Under Armour operates in a competitive industry, with key players like Kontoor Brands Inc (KTB, Financial) with a market cap of $4.11 billion, Ermenegildo Zegna NV (ZGN, Financial) at $2.6 billion, and Columbia Sportswear Co (COLM, Financial) at $4.73 billion. These companies represent significant competition but also highlight the scale of opportunity within the apparel and accessories market.

Conclusion

Under Armour's recent stock performance reflects a complex interplay of market dynamics and internal financial health. While the company faces profitability challenges, its strategic market positioning and ongoing digital initiatives provide a solid foundation for future growth. Investors and market watchers will do well to keep an eye on how Under Armour navigates these challenges while maintaining its competitive edge in the global athletic apparel market.

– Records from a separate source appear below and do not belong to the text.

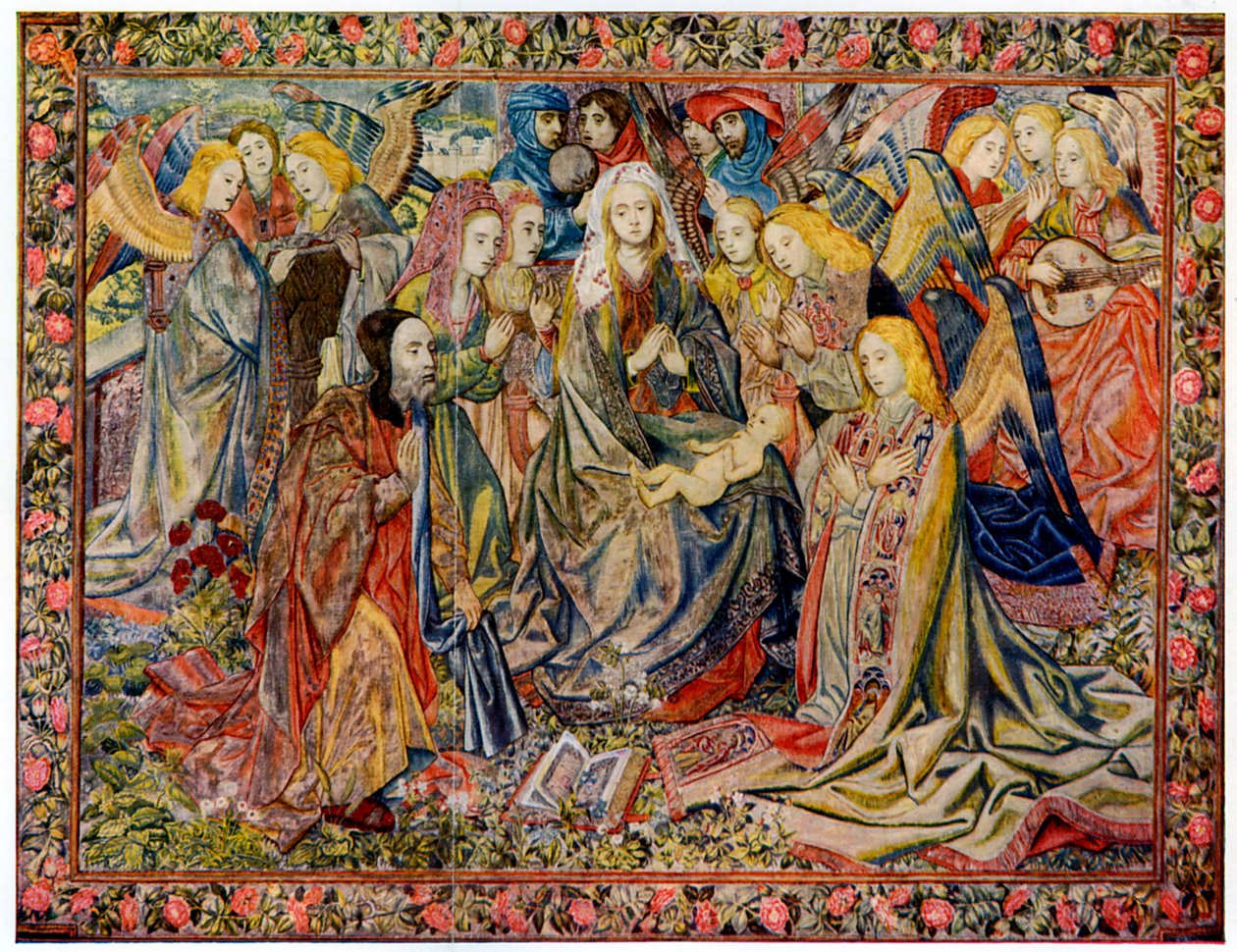 people · child · children · music · religious · arts · infant · baby · babies · playing · religion · british · color · colour · christianity · infancy · prayer · praying · angel · textiles · musical instrument · britain · tapestry · textile · concept · surrounded · hands clasped · adoration · stringed instrument · lute · virgin and child · unknown · thomson · wg thomson · wg thomas · thomas · The Print Collector/Heritage Images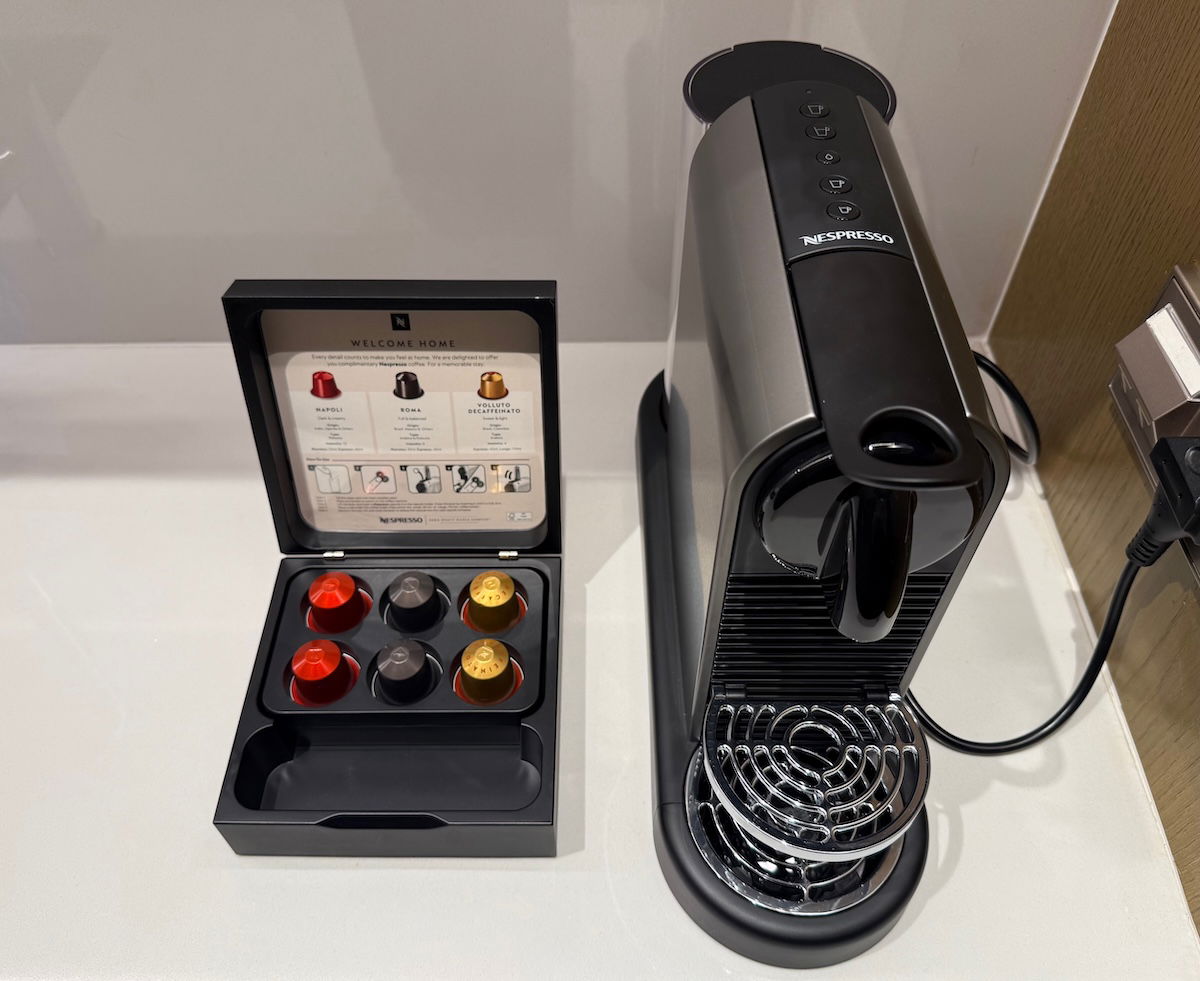 There was also a kitchenette off to the side of the bar, with a large fridge, a sink, an oven, etc. This is also where the Nespresso coffee machine was located, plus the minibar drinks and snacks for purchase.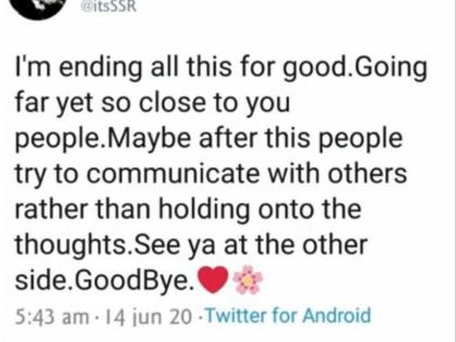 सध्या त्याचे हे शेवटचे ट्विट सोशल मीडियावर खूप व्हायरल होत आहे. खरंच हे ट्विट सुशांतने त्याच्या निधनापूर्वीच केले होते का ? याबाबत कोणतीही अधिकृती माहिती अद्याप समोर आलेली नाही. तसेच आजतकने टाकलेली बातमीही त्यांनी नंतर डिलीट केली असल्याचेही निदर्शनास आली आहे.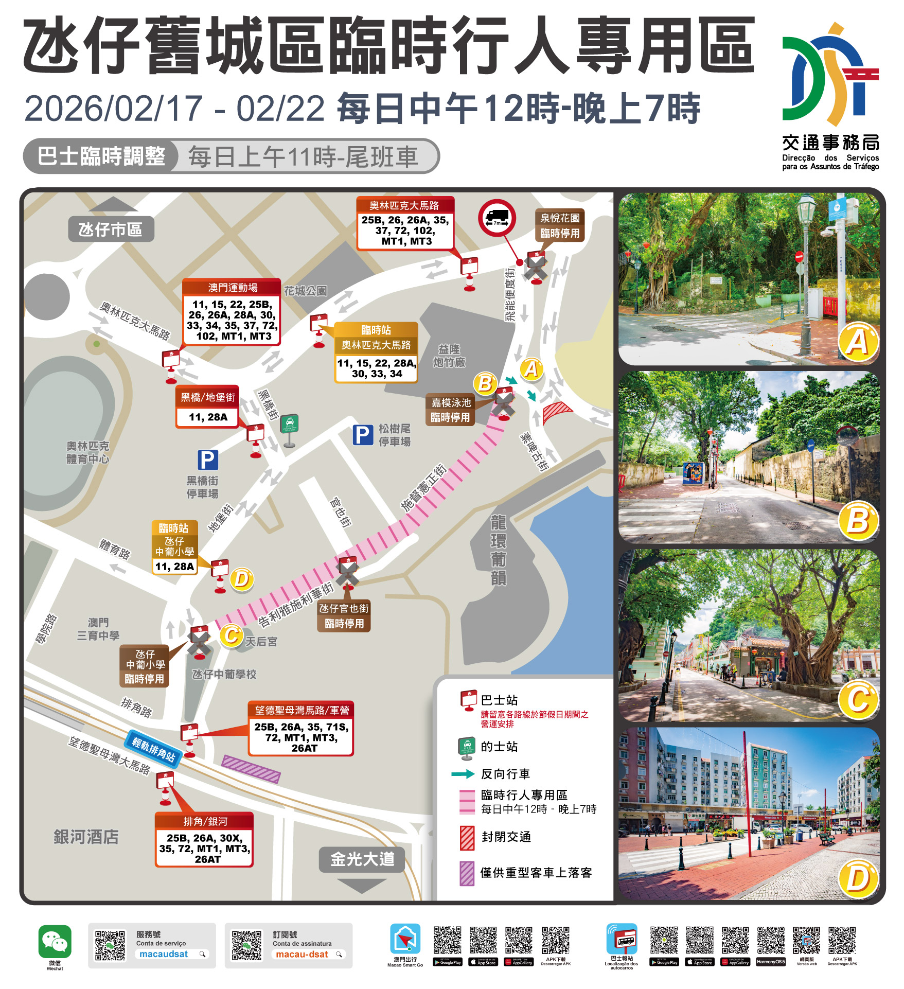 上述期间,氹仔旧城区、关前后街行人专用区范围实施封闭交通,周边部份路段临时调整行车方向,以保持区内交通循环;并会实施禁止车辆停泊、设置临时巴士站、重型车辆临时上落客区等措施: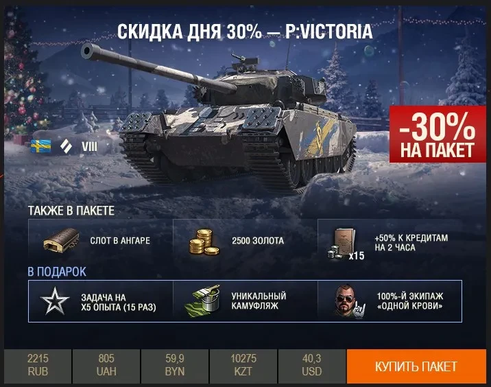 • Если Primo Victoria у вас уже есть, то при покупке пакета вам будут начислены экипаж, слот в Ангаре, игровое золото, личные резервы и боевая задача, а вместо машины — 9 750 золота.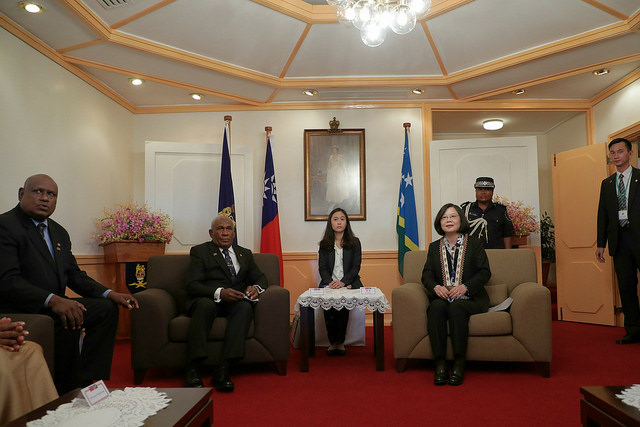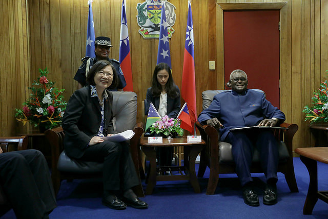 蔡英文總統率「『永續南島‧攜手共好』─2017太平洋友邦之旅」訪團於11月2日上午10時許(臺北時間2日上午7時許)會晤索國總理蘇嘉瓦瑞(Manasseh Sogavare)暨見證簽署《臺索警政合作瞭解備忘錄》。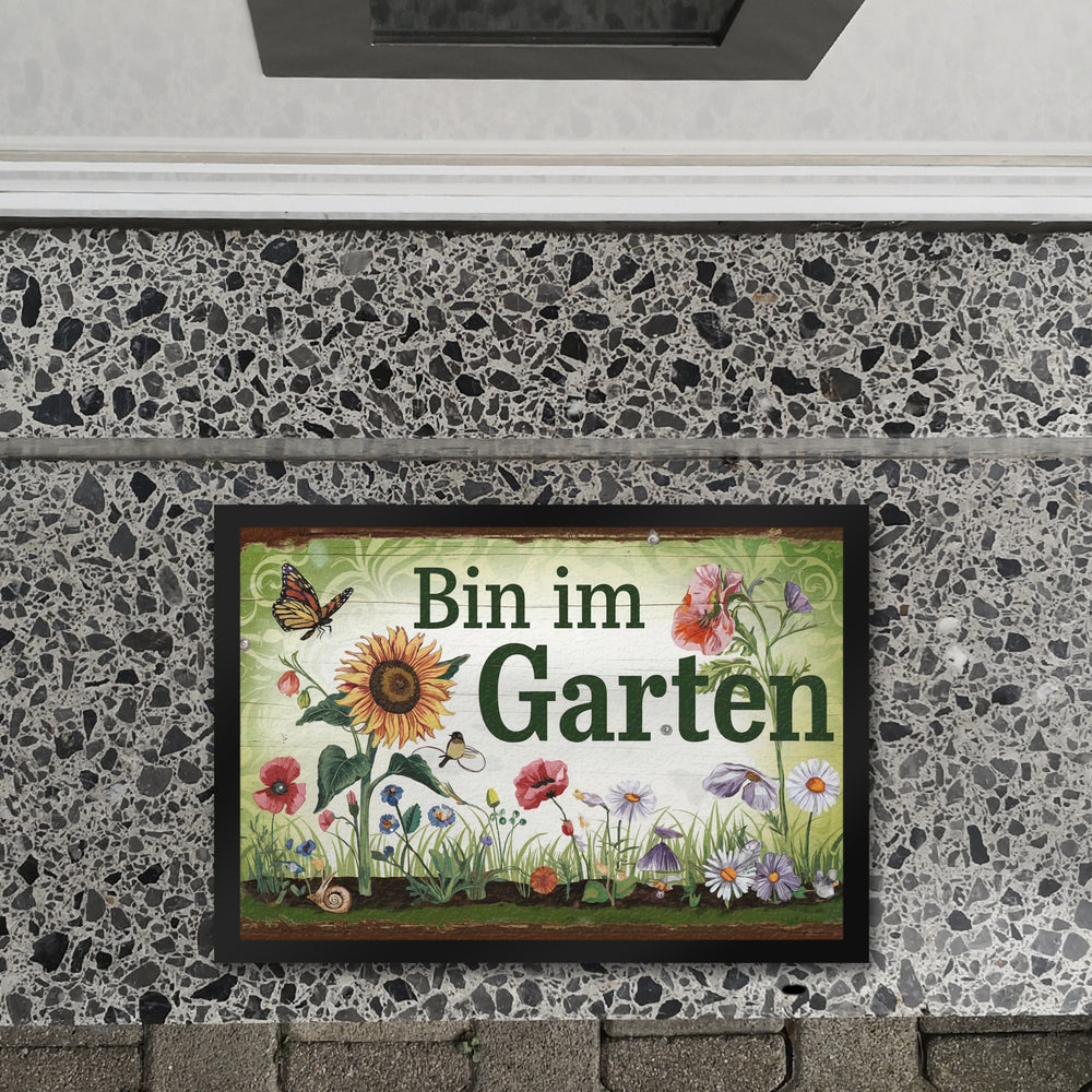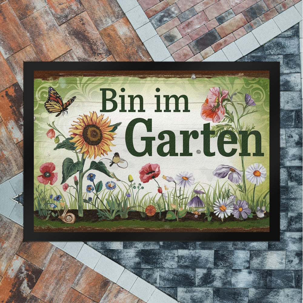 Bin im Garten Schmetterling und Blumen Fußmatte in 35x50 cm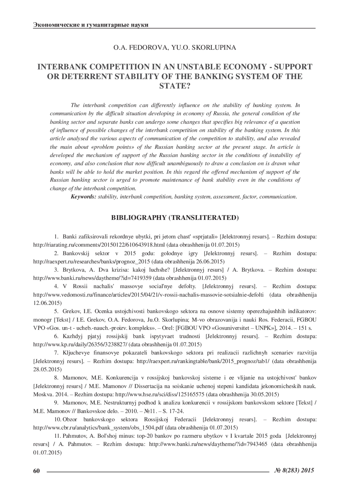 16. Федорова, О.А. Об обеспечении устойчивости банковского сектора в условиях санкций и контексте достижения финансовой безопасности [Текст] / О.А. Федорова, Ю.О. Скорлупина // Национальные интересы: приоритеты и безопасность. - 2015. - №16. - С. 57-67. EDN: TPUWAX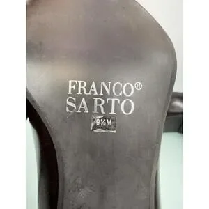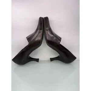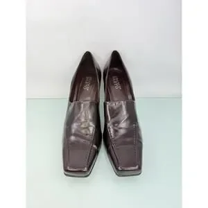 Vintage Franco Sarto Brown Leather Square Toe Kitten Heel Pumps 9.5M 90s Y2K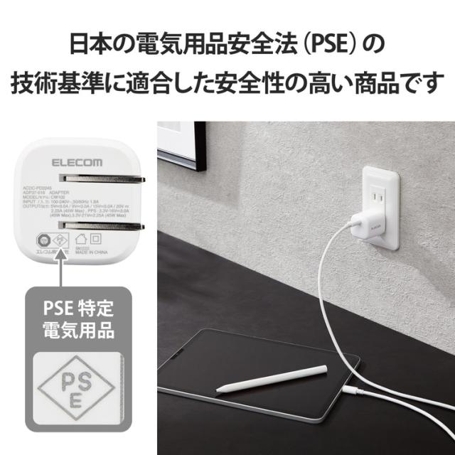 エレコム ACアダプター USB Type C 充電器? 45W PD PPS 対応 Type-C スイングプラグ Windows iPad MacBook Air M1 2020 iPhone Android 他対応 ホワイト ACDC-PD2245WH(代引不可)【送料無料】
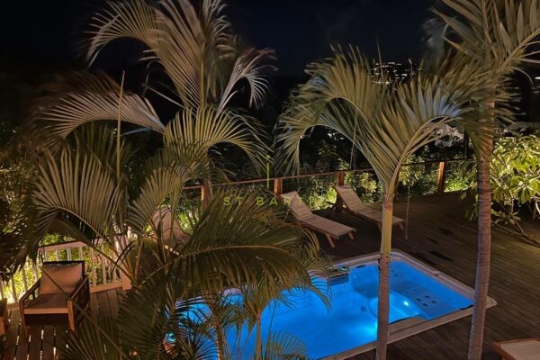 The villa has three spacious and elegant en-suite bedrooms, fully air-conditioned to ensure peaceful nights. Each bedroom has its own private bathroom, one of which features an outdoor shower, allowing you to enjoy a moment of freshness in perfect connection with nature. Outside, the large hot tub, nestled in the heart of a lush tropical garden, becomes a sanctuary of absolute relaxation, where crystal-clear water blends with exotic vegetation and ocean spray.
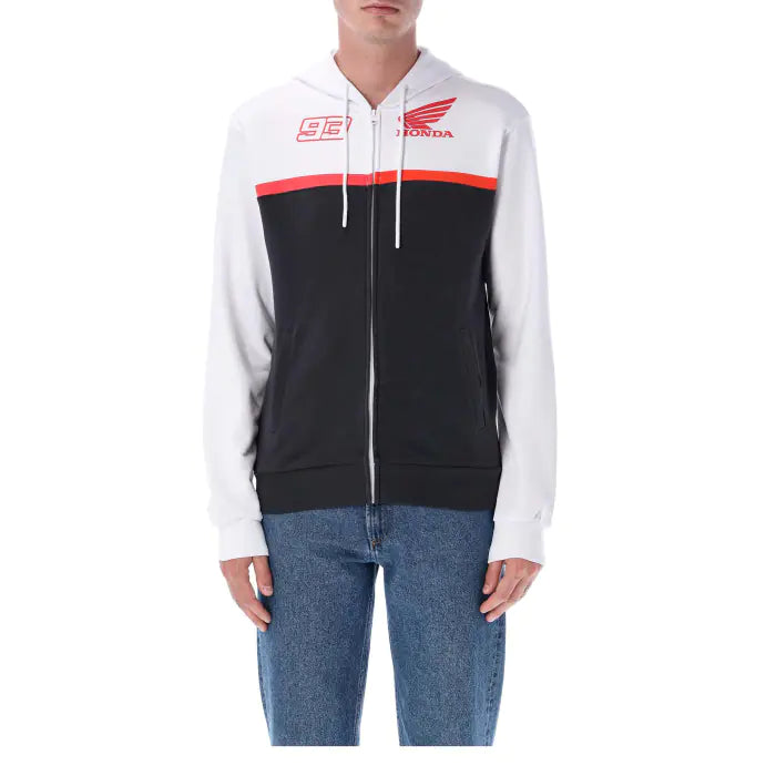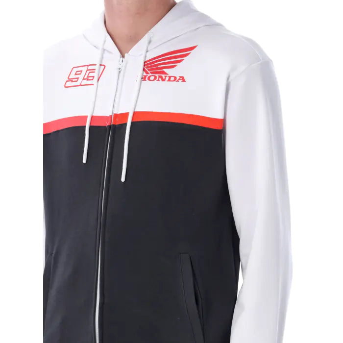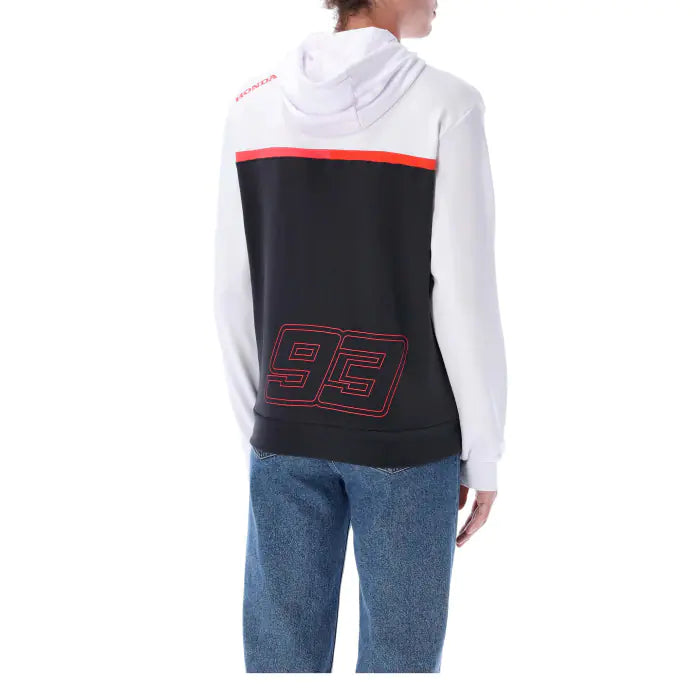 Sweat Hoodie Marc Marquez MM93 Honda oficial da coleção Dual Marc Marquez Honda.  Base preta com inserção vermelha, parte superior, capuz e mangas brancas. Logotipo da Honda e número 93 impressos...

This article, generated by GuruFocus, is designed to provide general insights and is not tailored financial advice. Our commentary is rooted in historical data and analyst projections, utilizing an impartial methodology, and is not intended to serve as specific investment guidance. It does not formulate a recommendation to purchase or divest any stock and does not consider individual investment objectives or financial circumstances. Our objective is to deliver long-term, fundamental data-driven analysis. Be aware that our analysis might not incorporate the most recent, price-sensitive company announcements or qualitative information. GuruFocus holds no position in the stocks mentioned herein.

Disclosures

I/We may personally own shares in some of the companies mentioned above. However, those positions are not material to either the company or to my/our portfolios.